Образ Петра продолжал увлекать Пушкина и в 1833 году. В Оренбурге он с увлечением говорил Далю о своем намерении изобразить «этого исполина». Поэт долго и мучительно разрешал для себя проблему этого сложного и противоречивого характера, поражавшего его своей новаторской мощью. Двойственность героя отмечена в записи Пушкина (1835): «Достойна удивления разность между государственными учреждениями Петра Великого и временными его указами. Первые суть плоды ума обширного, исполненного доброжелательства и мудрости, вторые — нередко жестоки, своенравны и, кажется, писаны кнутом». Эти резкие контрасты реформаторских замыслов с личными чертами «своевольства и варварства» Пушкин решил «внести в историю Петра, обдумав»; но в поэме, к которой вскоре обратили его изученные материалы, необходимо было дать художественное обобщение героя и сохранить за ним монументальную целостность и монолитность. Вот почему, приступая в 1833 году к «Медному всаднику», Пушкин строит исторический образ не на раскрытии противоречий, а лишь на могучей творческой энергии петровского характера. В поэме о Петре «самовластный помещик» решительно преодолен носителем государственной мудрости, творящим для будущего.

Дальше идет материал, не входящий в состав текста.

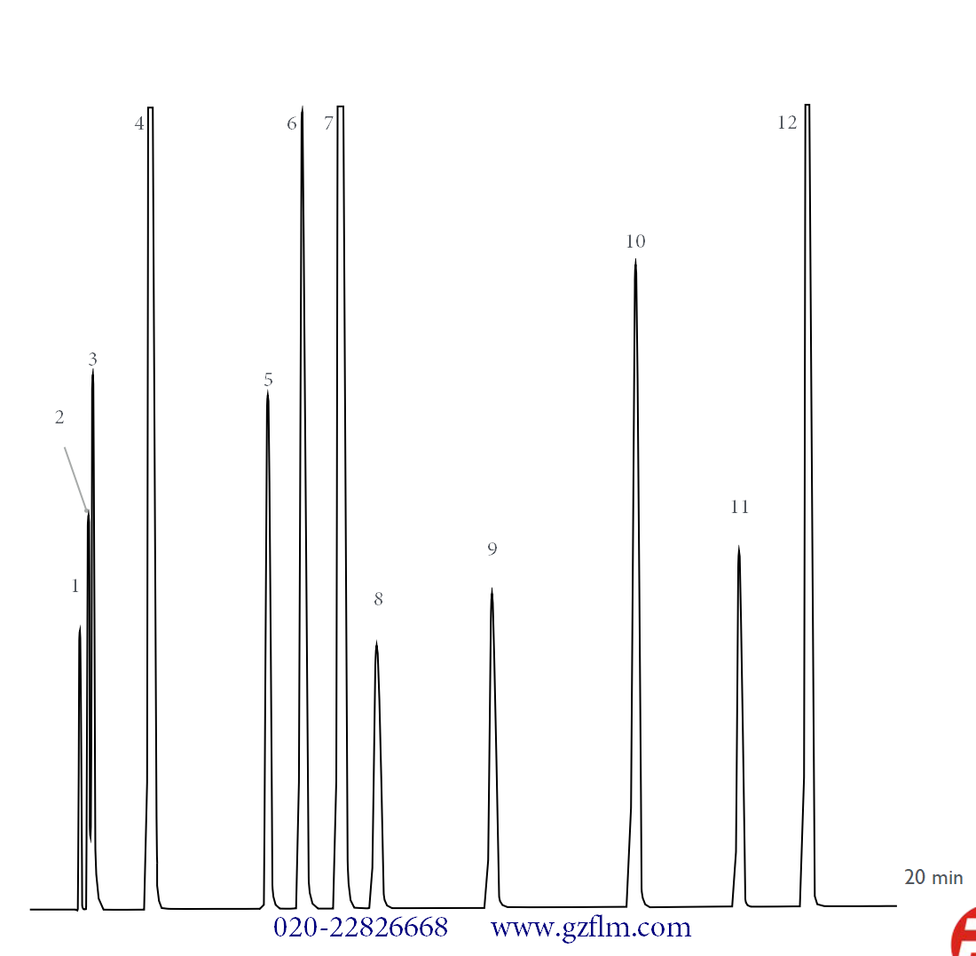 消費(fèi)者在購買食品時(shí)也應(yīng)注意查看食品配料表和營(yíng)養(yǎng)成分表等信息,了解食品中是否添加了二氧化硫或其鹽類作為食品添加劑,并合理控制攝入量。同時(shí),對(duì)于顏色過白、過于鮮亮或有刺激性氣味的食品應(yīng)保持警惕,避免購買和食用可能過量添加二氧化硫的食品。 Sulfur compounds Column: FBX-VOC 2 - 0.53mm, 5.00μm, 30m Conditions: Oven Program: 30°C, 5°C/min, 130°C Carrier Gas: Hydrogen, 3.8mL/min Injector: 200°C Detector: FPD, 200°C Peak identification 1.Hydrogen sulfide 2.Carbonyl sulfide 3.Sulfur dioxide 4.Methanethiol 5.Methyl sulfide 6.Ethanethiol 7.Carbon disulfide 8.2-propanethiol 9.1-propanethiol 10.Thiophene 11.1-butanethiol 12.Methyl disulfide ![]() |
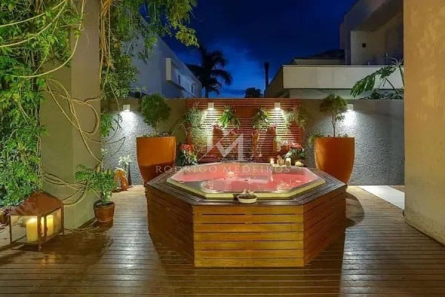 Na área externa, o jardim bem cuidado complementa o charme da casa, que ainda dispõe de bicicletário, sala de ginástica privativa e quatro vagas de garagem. Tudo isso em uma rua tranquila, arborizada e extremamente valorizada de Jurerê Internacional.

Понимание его личности связывается теперь у Пушкина с новой концепцией великих политических переворотов. В отличие от его раннего преклонения перед образами одиноких самоотверженных и обреченных героев, как Занд, Лувель или Риэго, он считает теперь, что подлинный творец будущего — это герой, выражающий «творящий дух истории», мощно поворачивающий колесо времени, отважно ведущий за собой труд и мысль своего поколения. Петр, поднявший Россию на дыбы, — спаситель России, хотя бы он и спасал ее «уздой железной». В этом его значение борца с темными силами и великого реформатора своей родины. Недаром в тридцатые годы Пушкин сближает имена Петра I, Разина и Пугачева, понимая их как разные типы русского революционного действия; Петр для него теперь «воплощенная революция». Не во всем сочувствуя этой революционности Петра, Пушкин преклоняется перед ее силой и действием. «Петр Великий один — целая всемирная история», — пишет он в 1836 году Чаадаеву.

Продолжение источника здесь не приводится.